## WORK REQUIRED
The listing below holds a line with "La médaille Finisher" and a later line with "BMP180 provides altitude". Write out those two lines and every line between them, exactly, and nothing else.
(Beginning of SUPPLIED RECORDS)
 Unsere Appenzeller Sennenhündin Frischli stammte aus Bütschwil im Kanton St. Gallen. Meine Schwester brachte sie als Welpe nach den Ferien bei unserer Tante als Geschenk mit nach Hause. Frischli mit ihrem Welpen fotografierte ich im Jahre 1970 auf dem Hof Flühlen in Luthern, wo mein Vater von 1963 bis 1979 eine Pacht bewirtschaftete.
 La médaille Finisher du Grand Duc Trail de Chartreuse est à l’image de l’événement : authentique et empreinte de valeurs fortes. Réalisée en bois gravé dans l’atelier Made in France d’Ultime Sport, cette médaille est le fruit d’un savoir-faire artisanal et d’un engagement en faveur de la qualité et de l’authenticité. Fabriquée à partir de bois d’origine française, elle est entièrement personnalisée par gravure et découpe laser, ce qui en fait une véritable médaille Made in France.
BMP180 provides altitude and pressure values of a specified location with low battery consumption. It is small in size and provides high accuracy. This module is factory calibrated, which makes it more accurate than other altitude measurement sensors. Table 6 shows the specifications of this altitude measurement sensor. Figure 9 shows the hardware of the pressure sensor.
(End of SUPPLIED RECORDS)
(Beginning of SUPPLIED RECORDS)
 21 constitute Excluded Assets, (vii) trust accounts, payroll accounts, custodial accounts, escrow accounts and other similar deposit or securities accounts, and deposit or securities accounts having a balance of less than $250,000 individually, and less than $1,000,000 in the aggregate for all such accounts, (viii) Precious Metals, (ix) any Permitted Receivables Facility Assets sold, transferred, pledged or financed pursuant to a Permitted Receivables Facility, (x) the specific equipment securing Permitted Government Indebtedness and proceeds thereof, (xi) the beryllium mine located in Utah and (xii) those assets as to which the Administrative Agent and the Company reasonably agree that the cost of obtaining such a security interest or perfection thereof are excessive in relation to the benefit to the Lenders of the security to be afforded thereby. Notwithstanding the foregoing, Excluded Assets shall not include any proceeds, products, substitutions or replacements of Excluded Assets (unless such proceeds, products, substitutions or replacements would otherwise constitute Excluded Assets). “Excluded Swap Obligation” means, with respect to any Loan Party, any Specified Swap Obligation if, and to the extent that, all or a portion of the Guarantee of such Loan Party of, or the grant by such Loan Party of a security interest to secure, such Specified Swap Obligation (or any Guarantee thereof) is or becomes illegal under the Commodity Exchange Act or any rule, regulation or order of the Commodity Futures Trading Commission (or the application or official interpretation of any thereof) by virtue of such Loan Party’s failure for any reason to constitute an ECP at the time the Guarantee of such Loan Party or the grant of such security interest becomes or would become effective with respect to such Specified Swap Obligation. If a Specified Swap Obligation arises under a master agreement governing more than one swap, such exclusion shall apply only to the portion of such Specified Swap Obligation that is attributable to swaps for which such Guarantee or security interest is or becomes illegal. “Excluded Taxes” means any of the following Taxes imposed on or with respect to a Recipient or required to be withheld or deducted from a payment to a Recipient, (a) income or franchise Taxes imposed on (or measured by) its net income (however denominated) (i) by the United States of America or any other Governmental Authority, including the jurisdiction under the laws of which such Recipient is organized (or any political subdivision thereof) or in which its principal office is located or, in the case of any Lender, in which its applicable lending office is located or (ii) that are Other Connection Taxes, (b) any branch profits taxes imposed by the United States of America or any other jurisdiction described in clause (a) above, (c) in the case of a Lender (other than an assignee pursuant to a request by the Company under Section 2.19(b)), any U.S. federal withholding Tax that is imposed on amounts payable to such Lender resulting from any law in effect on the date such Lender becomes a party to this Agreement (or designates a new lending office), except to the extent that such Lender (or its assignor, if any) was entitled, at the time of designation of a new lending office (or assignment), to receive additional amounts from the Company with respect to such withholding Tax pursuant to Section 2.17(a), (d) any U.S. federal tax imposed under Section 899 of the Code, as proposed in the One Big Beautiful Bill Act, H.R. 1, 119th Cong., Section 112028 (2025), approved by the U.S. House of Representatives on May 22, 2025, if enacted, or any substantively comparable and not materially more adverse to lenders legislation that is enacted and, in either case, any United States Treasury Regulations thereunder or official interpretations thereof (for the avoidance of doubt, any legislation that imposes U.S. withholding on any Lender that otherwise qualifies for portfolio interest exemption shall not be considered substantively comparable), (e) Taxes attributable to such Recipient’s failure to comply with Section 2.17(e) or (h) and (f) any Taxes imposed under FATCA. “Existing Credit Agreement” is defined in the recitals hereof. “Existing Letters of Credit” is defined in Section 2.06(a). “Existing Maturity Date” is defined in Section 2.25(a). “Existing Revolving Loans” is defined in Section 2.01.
(End of SUPPLIED RECORDS)
## FINAL ANSWER
 La médaille Finisher du Grand Duc Trail de Chartreuse est à l’image de l’événement : authentique et empreinte de valeurs fortes. Réalisée en bois gravé dans l’atelier Made in France d’Ultime Sport, cette médaille est le fruit d’un savoir-faire artisanal et d’un engagement en faveur de la qualité et de l’authenticité. Fabriquée à partir de bois d’origine française, elle est entièrement personnalisée par gravure et découpe laser, ce qui en fait une véritable médaille Made in France.
BMP180 provides altitude and pressure values of a specified location with low battery consumption. It is small in size and provides high accuracy. This module is factory calibrated, which makes it more accurate than other altitude measurement sensors. Table 6 shows the specifications of this altitude measurement sensor. Figure 9 shows the hardware of the pressure sensor.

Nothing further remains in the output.